Problem description -
Could you transcribe the entries below exactly, without any of the pictures?

┌─ Exercise material

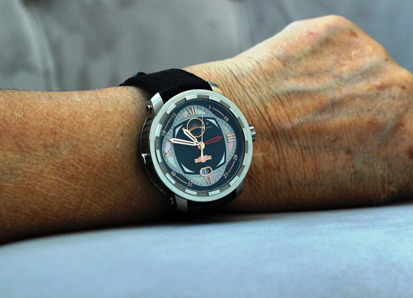 Od uvedení se kus design výrazně posunul. DeWitt Manufacture v Meyrin, založená roku 2000, je totiž vskutku kompletní manufakturou, schopnou vyrábět téměř vše, od pouzder, přes strojky až po číselníky a ručky. Právě faktu, že může manufaktura tvořit číselníky podle vlastních návrhů, si pan Jérôme de Witt mimořádně cení a při naší návštěvě jeho výroby na okraji Ženevy nám to hned několikrát zdůraznil. U tohoto modelu je kombinací gilošování, perleti a plastických zlatých římských čísel. Nad číselníkem pluje trojice zlatých ruček doplněná čtvrtou, červenou GMT.
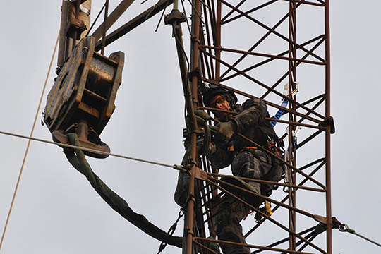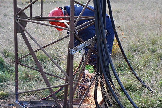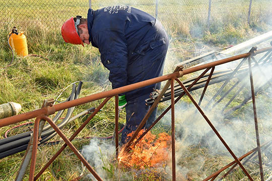Først måtte højdeklatrer Peter Vesterdahl Høm fra PLE dog en tur op i masten og fastgøre kranwiren. Herefter var masten hurtig lagt ned og tilbage var kun at skære masten op i stykker, så den kan transporteres til Bjerringbro, hvor stålet vil blive genanvendt.
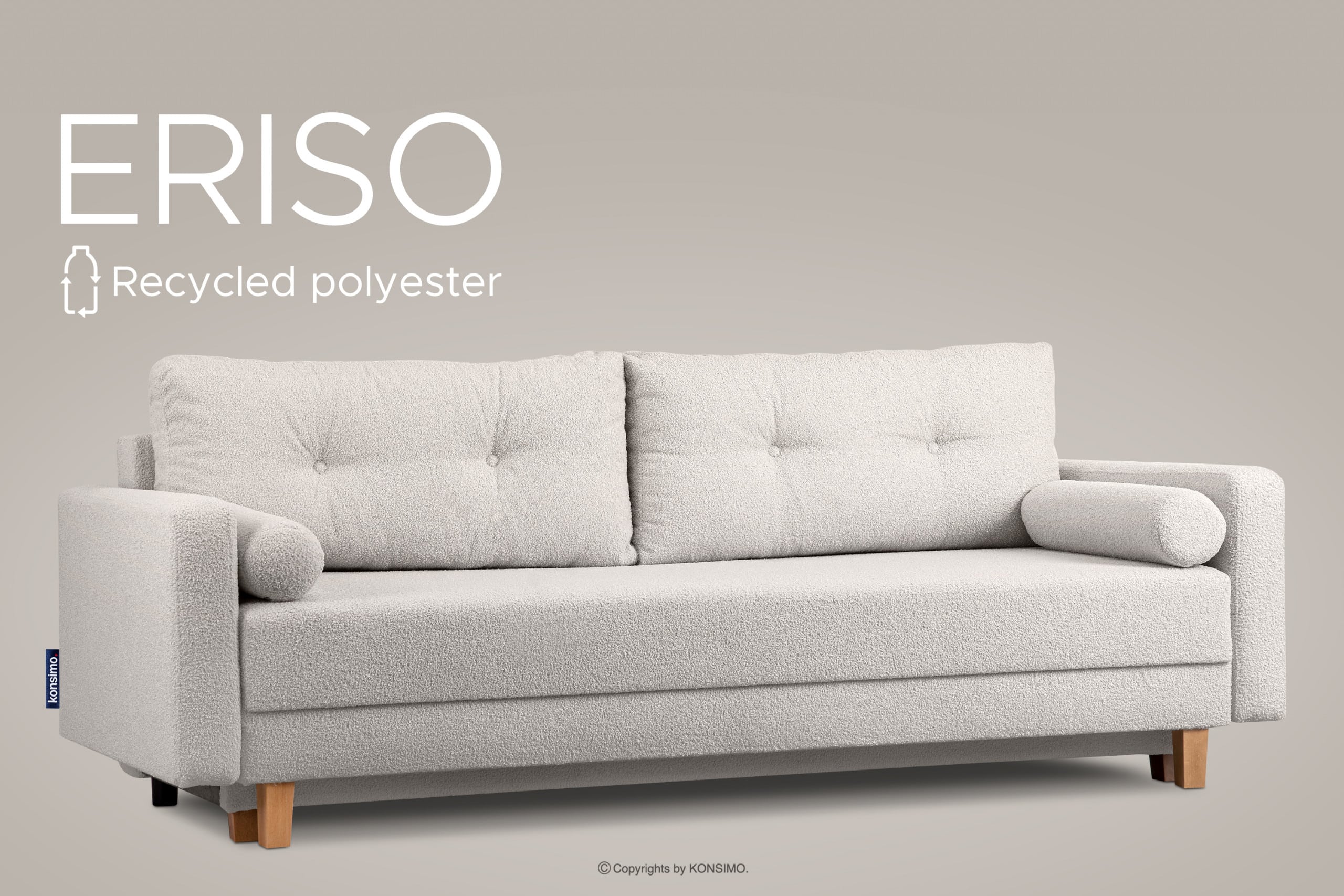 Der Bezug aus hochwertigem Boucle-Gewebe zeichnet sich durch Langlebigkeit und Widerstandsfähigkeit gegen Beschädigungen aus. Zwei Rückenkissen und zwei dekorative Kissen erhöhen den Komfort dieser modernen Couch. Dank der in ästhetischen Tunnel versteckten Reißverschlüsse können die Bezüge leicht abgenommen und schnell gereinigt werden. Der mittelfeste Sitz mit Bonell-Federung und T25-Schaumstoff sorgt für hohen Komfort. Das Sofa fügt sich perfekt in eine minimalistische Wohnzimmergestaltung ein. Die Holzfüße und das hochwertige Material verleihen dem Eriso-Sofa Eleganz und unterstreichen seinen skandinavischen Stil. Die gesamte Konstruktion ist stabil und das Möbelstück langlebig, so dass es lange halten sollte. Der Bezug ist teilweise schmutzabweisend und die Reinigung sollte keine größeren Probleme darstellen.
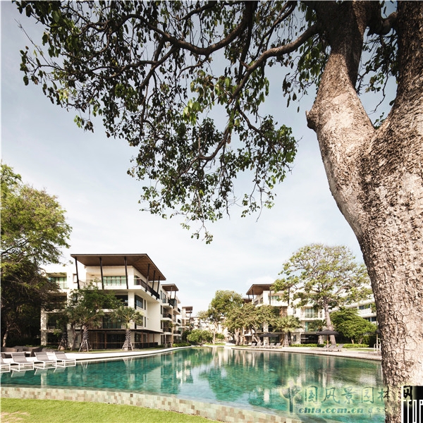 為了更好地實現委托方的期望,設計師摒棄了傳統的獨立花園結合水池的設計手法,大膽設計了一個長度為230米的水池,并沿水池的邊界設置系列花園。該設計的意義不僅在于對住宅項目市場價值的提升,更在于對古木進行保護的人文價值的體現。
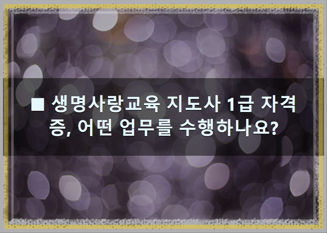 ■ 생명사랑교육 지도사 1급 자격증, 어떤 업무를 수행하나요?
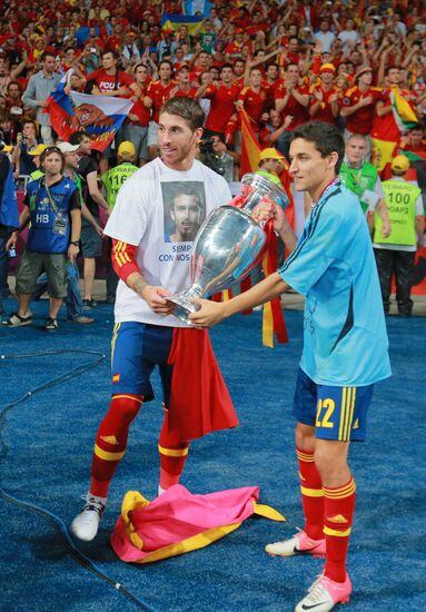 Spanish national team players Sergio Ramos and Jesus Navas (left) with the cup at the awards ceremony for the European Football Championship 2012.01.07.2012#1170370
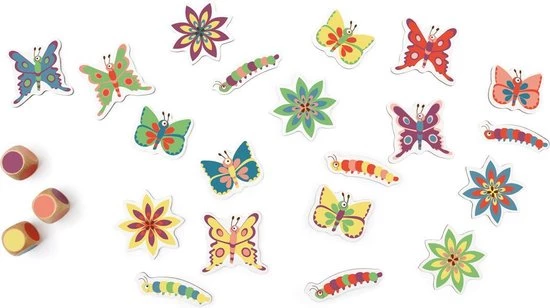 Werp de 3 dobbelstenen en ga opzoek naar een vlinder, bloem of rups met deze kleuren.
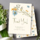 Delicate wildflowers meadow bouquet with butterflies and pastel watercolor floral blooms elegant chic spring or summer garden baby in bloom baby shower thank you printable card with whimsical trendy modern calligraphy script over a cream ivory background. Wildflower pattern on the backside. Digital download available.
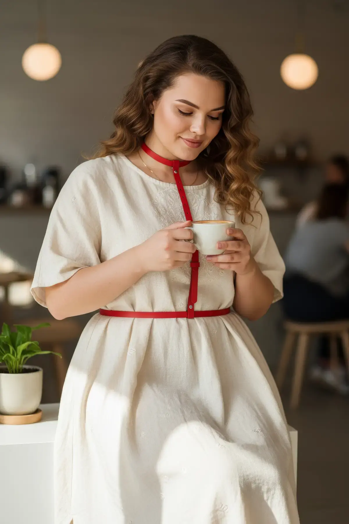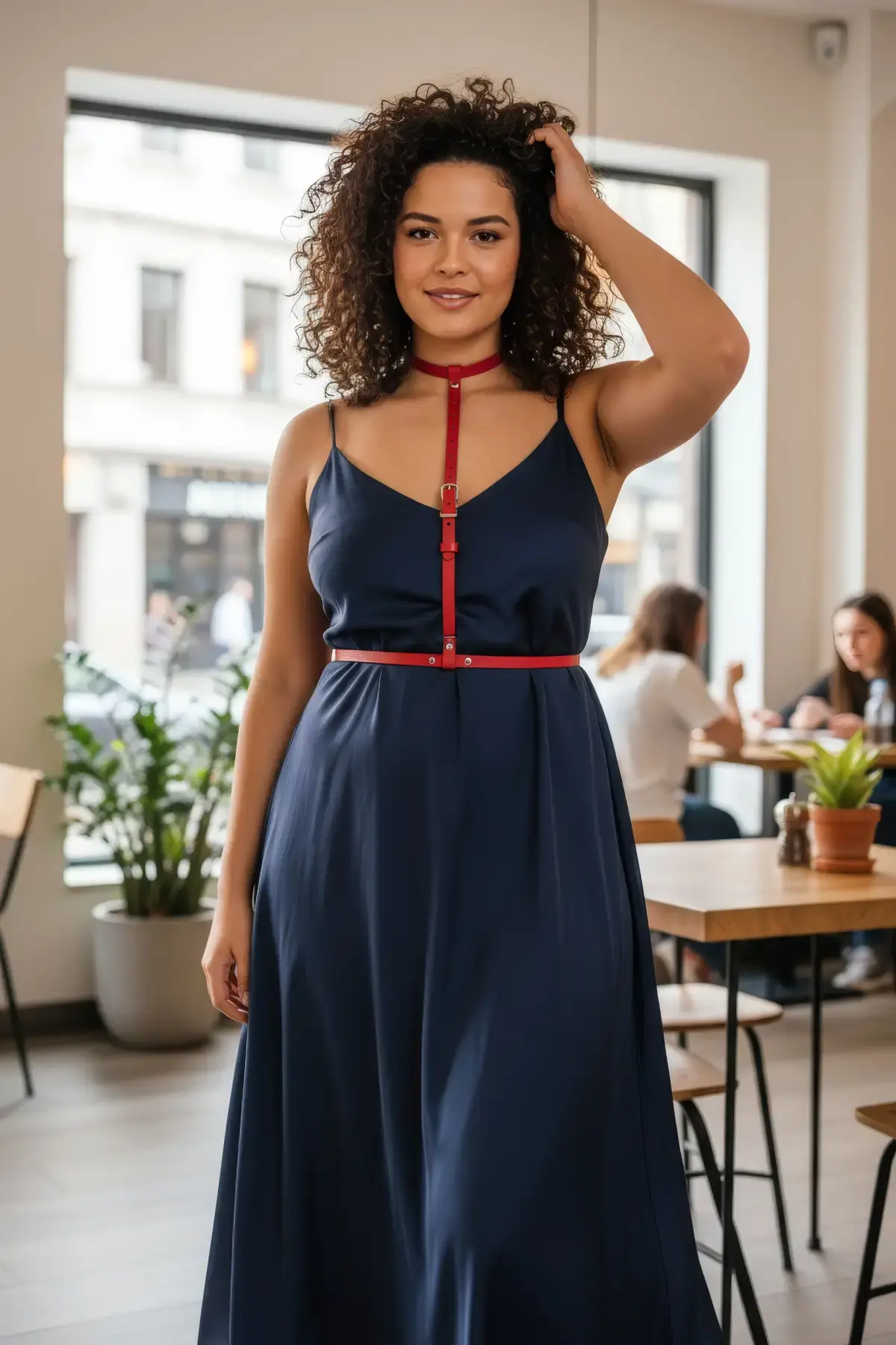 Büyük Beden Kırmızı Kadın Kemer, İddialı Deri Harness Vücut Aksesuarı - APFT188
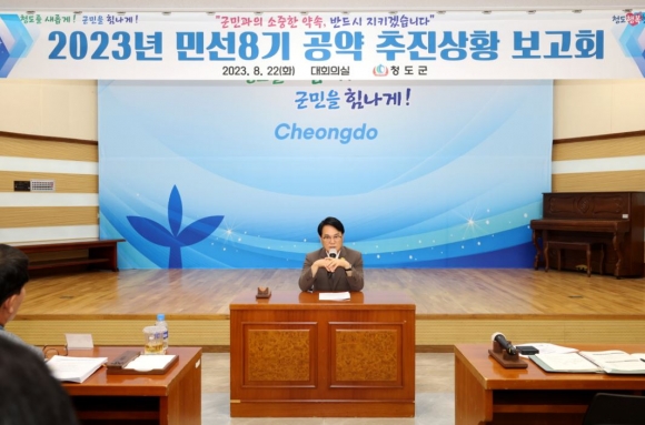 청도군(군수 김하수)은 지난 22일 군청 대회의실에서 민선 8기 부서별 공약 추진상황을 점검하고 추진상의 문제점 및 대책을 논의하고자 국장 및 관과소장, 읍면장, 팀장 등 130여 명이 참석한 가운데 공약 추진상황 보고회를 개최하였다.
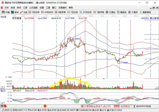 3.成交的數(shù)量形成圓弧頂,5日的量線傾向于10日穿越量線。

└─

Result of this exercise -
 Od uvedení se kus design výrazně posunul. DeWitt Manufacture v Meyrin, založená roku 2000, je totiž vskutku kompletní manufakturou, schopnou vyrábět téměř vše, od pouzder, přes strojky až po číselníky a ručky. Právě faktu, že může manufaktura tvořit číselníky podle vlastních návrhů, si pan Jérôme de Witt mimořádně cení a při naší návštěvě jeho výroby na okraji Ženevy nám to hned několikrát zdůraznil. U tohoto modelu je kombinací gilošování, perleti a plastických zlatých římských čísel. Nad číselníkem pluje trojice zlatých ruček doplněná čtvrtou, červenou GMT.
Først måtte højdeklatrer Peter Vesterdahl Høm fra PLE dog en tur op i masten og fastgøre kranwiren. Herefter var masten hurtig lagt ned og tilbage var kun at skære masten op i stykker, så den kan transporteres til Bjerringbro, hvor stålet vil blive genanvendt.
 Der Bezug aus hochwertigem Boucle-Gewebe zeichnet sich durch Langlebigkeit und Widerstandsfähigkeit gegen Beschädigungen aus. Zwei Rückenkissen und zwei dekorative Kissen erhöhen den Komfort dieser modernen Couch. Dank der in ästhetischen Tunnel versteckten Reißverschlüsse können die Bezüge leicht abgenommen und schnell gereinigt werden. Der mittelfeste Sitz mit Bonell-Federung und T25-Schaumstoff sorgt für hohen Komfort. Das Sofa fügt sich perfekt in eine minimalistische Wohnzimmergestaltung ein. Die Holzfüße und das hochwertige Material verleihen dem Eriso-Sofa Eleganz und unterstreichen seinen skandinavischen Stil. Die gesamte Konstruktion ist stabil und das Möbelstück langlebig, so dass es lange halten sollte. Der Bezug ist teilweise schmutzabweisend und die Reinigung sollte keine größeren Probleme darstellen.
 為了更好地實現委托方的期望,設計師摒棄了傳統的獨立花園結合水池的設計手法,大膽設計了一個長度為230米的水池,并沿水池的邊界設置系列花園。該設計的意義不僅在于對住宅項目市場價值的提升,更在于對古木進行保護的人文價值的體現。
 ■ 생명사랑교육 지도사 1급 자격증, 어떤 업무를 수행하나요?
 Spanish national team players Sergio Ramos and Jesus Navas (left) with the cup at the awards ceremony for the European Football Championship 2012.01.07.2012#1170370
 Werp de 3 dobbelstenen en ga opzoek naar een vlinder, bloem of rups met deze kleuren.
 Delicate wildflowers meadow bouquet with butterflies and pastel watercolor floral blooms elegant chic spring or summer garden baby in bloom baby shower thank you printable card with whimsical trendy modern calligraphy script over a cream ivory background. Wildflower pattern on the backside. Digital download available.
 Büyük Beden Kırmızı Kadın Kemer, İddialı Deri Harness Vücut Aksesuarı - APFT188
 청도군(군수 김하수)은 지난 22일 군청 대회의실에서 민선 8기 부서별 공약 추진상황을 점검하고 추진상의 문제점 및 대책을 논의하고자 국장 및 관과소장, 읍면장, 팀장 등 130여 명이 참석한 가운데 공약 추진상황 보고회를 개최하였다.
 3.成交的數(shù)量形成圓弧頂,5日的量線傾向于10日穿越量線。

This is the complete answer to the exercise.